## Directions:
Repeat only what runs from the line with "- Translations: The" through the last line of the data below, both included, keeping every word as it is and leaving out the pictures.

## Stored items:
<<<<
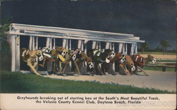 Front: 5. 11 Greyhounds breaking out of starting box at the South's Most Beautiful Track, the Volusia County Kennel Club, Daytona Beach, Florida Back: K8434 A "COLOURPICTURE" PUBLICATION. BOSTON 15, MASS., U.S.A.
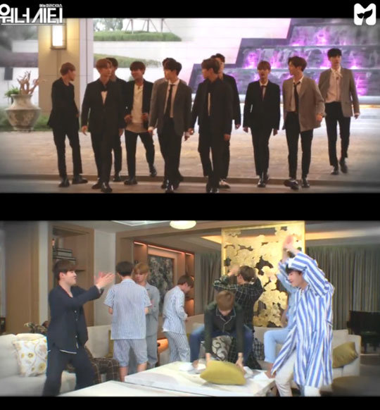 공개된 영상에는 워너원 완전체 강다니엘 박지훈 황민현 윤지성 옹성우 김재환 배진영 이대휘 하성운 박우진 라이관린이 인천 영종도 P 호텔에 멋진 수트 차림으로 입성하면서 시작된다.
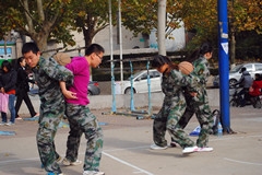 此次友谊赛共分为篮球比赛和篮球趣味项目两个环节。在篮球比赛中,男队员们个个雄姿英发,争锋相对;女队员们也巾帼不让须眉,抢球、运球、投篮动作潇洒利索,一点也不逊色与男生。比赛中场休息时,社团成员向在场的同学们展示了 “擒拿拳”等专业军事拳法,获得了阵阵掌声。接着成员们分成两个队参加了“背心球”活动,比赛中男女合作背靠背托球到终点返回,球掉落地一方算输。经过激烈的角逐,最终“梦之队”以绝对的优势战胜了“黄蜂队”获得了冠军。队员们在比赛结束后说:“他们今天玩的很high,希望多办几次像这样的活动,很期待下次活动的到来。”
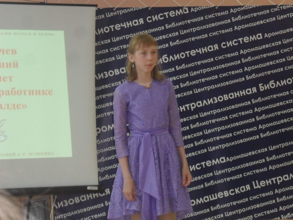И по традиции, с целью популяризации его творчества и сохранения литературного наследия, в Пушкинский день России, Аромашевская центральная библиотека имени поэта В.И. Белова провела районный конкурс чтецов стихотворений великого поэта «Пока в России Пушкин длится…»
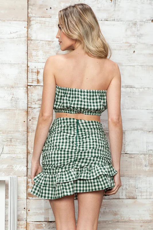 Gingham Strapless Ruched Two-Piece Crop Tube Top and Mini Skirt SetVendor:Mable
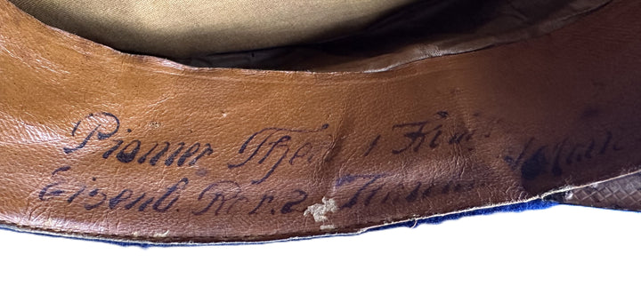 - Translations: The leather band is signed “Pionier Theis” and includes other regimental notations.
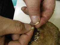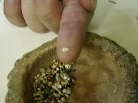 ★手順2 粒の大きい、ヒマタネやサフラワーなどは皮を剥いて、さらに割ってしまいます。サフラワーを剥くのが難しければ、3等分ぐらいに切り分けても良い。 |
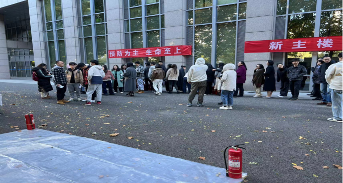 员工撤离到新主楼楼下后,总指挥喊话:“各副组长整理队伍,分别检查男女生人数是否准确,将情况报告给总指挥曹明。”
>>>>
## Task output:
 - Translations: The leather band is signed “Pionier Theis” and includes other regimental notations.
 ★手順2 粒の大きい、ヒマタネやサフラワーなどは皮を剥いて、さらに割ってしまいます。サフラワーを剥くのが難しければ、3等分ぐらいに切り分けても良い。 |
 员工撤离到新主楼楼下后,总指挥喊话:“各副组长整理队伍,分别检查男女生人数是否准确,将情况报告给总指挥曹明。”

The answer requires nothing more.